Now, when I revisited with my friend Scott Roth, who has been working with weavers, wool, dyes, and the hand-loomed rug weaving process for over 40 years, I could see the changes. Scott brought with him replacement parts for some of the machines. Machines that were working ten years ago now need repair. Old belts, bearings, wires, cogs and wheels break, wear out.
For the past two years, Graham’s 37-year old daughter Rebecca has stepped in and is learning the operation. The mill is 25 years old and Rebecca is determined to keep her father’s dream alive.
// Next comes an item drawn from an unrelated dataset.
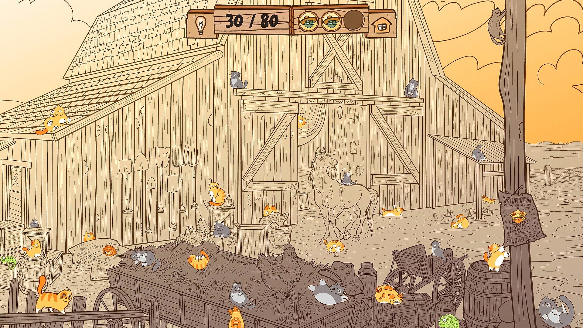 Search every corner of these nostalgic Wild West illustrations and test your observation skills. From sneaky cats hiding in barrels to ones peeking out of cowboy hats, can you find them all?

At her side are Rosalba (Rosie) Martinez Garcia, who has been there for 18 years and knows just about everything about the mill. Helping are Angel Laer Ambocio Perez (above) and Alejandro Maldonado Santiago. They know a thing or two, too, although their tenure is much shorter.
Rebecca loves textiles. She loves yarn. She wants to supply all types of yarns for knitting and weaving and other fiber arts. There are beautiful rugs and blankets stacked on shelves that were made before her father passed that are for sale.
Spare parts for anything is essential here in Mexico. Equipment can be old. It can still be good, functional, valued. If one has the necessary parts to keep it going. Graham wasn’t the only tinkerer here. People save, cobble together, recycle, repurpose. Things get jimmied together and continue to work. People here learn how to be resourceful with what they have. It’s something I’ve learned being here.
As Scott and Rebecca worked out numbers to complete their transaction, I wandered the mill, remembering Graham. A cat ran across the corridor to hide. A young tree struggled to grow up from the crack in the concrete. A rusted yarn holder cast shadows on the adobe wall. I loved being there, another part of the textile heaven that is Oaxaca.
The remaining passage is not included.